__Recorded data__:
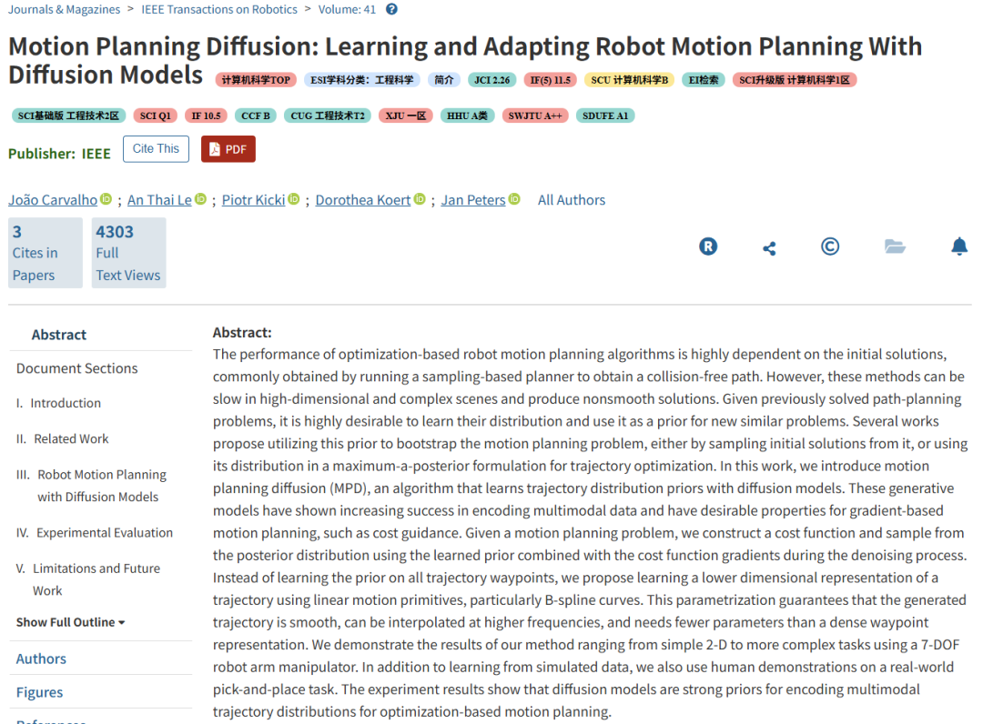 引文格式:Carvalho J, Le A T, Kicki P, Koert D, Peters J. Motion planning diffusion: learning and adapting robot motion planning with diffusion models[J]. IEEE Transactions on Robotics, 2025, 41:4884-4901.
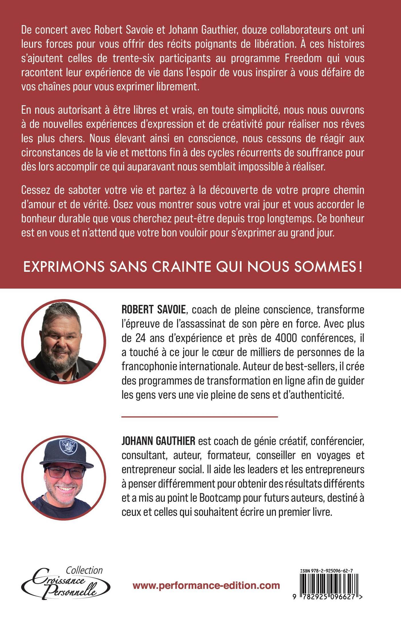 De concert avec Robert Savoie et Johann Gauthier, douze collaborateurs ont uni leurs forces pour vous offrir des récits poignants de libération. À ces histoires s’ajoutent celles de trente-six participants au programme Freedom qui vous racontent leur expérience de vie dans l’espoir de vous inspirer à vous défaire de vos chaînes pour vous exprimer librement.En nous autorisant à être libres et vrais, en toute simplicité, nous nous ouvrons à de nouvelles expériences d’expression et de créativité pour réaliser nos rêves les plus chers. Nous élevant ainsi en conscience, nous cessons de réagir aux circonstances de la vie et mettons fin à des cycles récurrents de souffrance pour dès lors accomplir ce qui auparavant nous semblait impossible à réaliser.Cessez de saboter votre vie et partez à la découverte de votre propre chemin d’amour et de vérité. Osez vous montrer sous votre vrai jour et vous accorder le bonheur durable que vous cherchez peut-être depuis trop longtemps. Ce bonheur est en vous et n’attend que votre bon vouloir pour s’exprimer au grand jour.
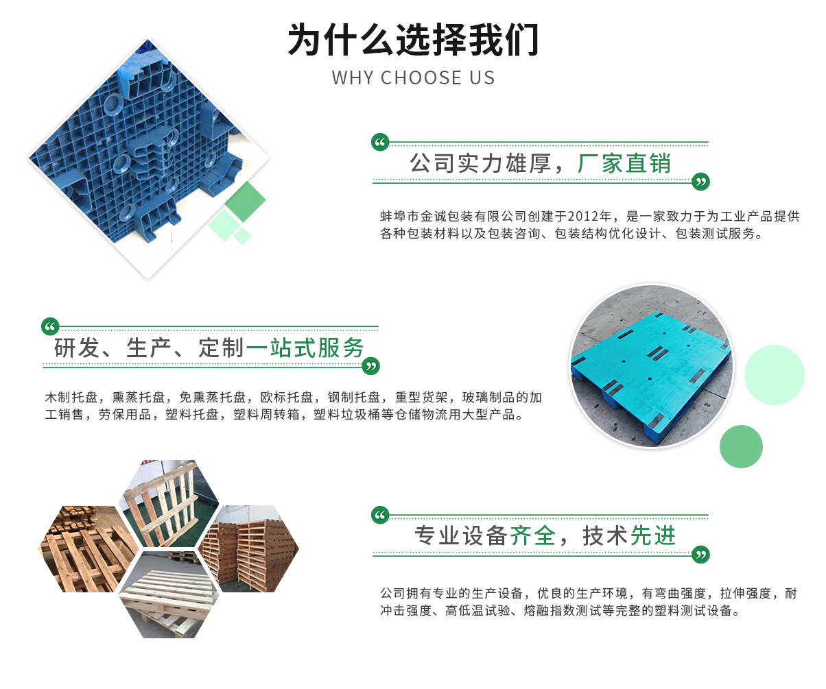 蚌埠市金誠包裝有限公司創建于2012年,是一家致力于為工業產品提供各種包裝材料以及包裝咨詢、包裝結構優(yōu)化設計、包裝測試其中包括木制托盤,熏蒸托盤,免熏蒸托盤,歐標托盤,鋼制托盤,重型貨架,玻璃制品的加工銷售,勞保用品...
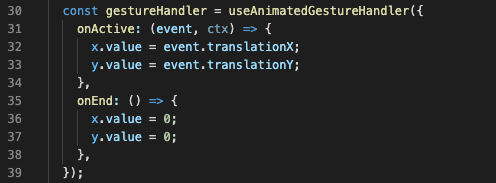 The simplest version of handler for our example would contain only onActive updating x and y based on the position of the finger, and reset the position when the finger is released using onEnd handler.

__Your assignment__: Before copying the material, set its pictures aside; then transcribe it word for word.

__Response box__:
 引文格式:Carvalho J, Le A T, Kicki P, Koert D, Peters J. Motion planning diffusion: learning and adapting robot motion planning with diffusion models[J]. IEEE Transactions on Robotics, 2025, 41:4884-4901.
 De concert avec Robert Savoie et Johann Gauthier, douze collaborateurs ont uni leurs forces pour vous offrir des récits poignants de libération. À ces histoires s’ajoutent celles de trente-six participants au programme Freedom qui vous racontent leur expérience de vie dans l’espoir de vous inspirer à vous défaire de vos chaînes pour vous exprimer librement.En nous autorisant à être libres et vrais, en toute simplicité, nous nous ouvrons à de nouvelles expériences d’expression et de créativité pour réaliser nos rêves les plus chers. Nous élevant ainsi en conscience, nous cessons de réagir aux circonstances de la vie et mettons fin à des cycles récurrents de souffrance pour dès lors accomplir ce qui auparavant nous semblait impossible à réaliser.Cessez de saboter votre vie et partez à la découverte de votre propre chemin d’amour et de vérité. Osez vous montrer sous votre vrai jour et vous accorder le bonheur durable que vous cherchez peut-être depuis trop longtemps. Ce bonheur est en vous et n’attend que votre bon vouloir pour s’exprimer au grand jour.
 蚌埠市金誠包裝有限公司創建于2012年,是一家致力于為工業產品提供各種包裝材料以及包裝咨詢、包裝結構優(yōu)化設計、包裝測試其中包括木制托盤,熏蒸托盤,免熏蒸托盤,歐標托盤,鋼制托盤,重型貨架,玻璃制品的加工銷售,勞保用品...
 The simplest version of handler for our example would contain only onActive updating x and y based on the position of the finger, and reset the position when the finger is released using onEnd handler.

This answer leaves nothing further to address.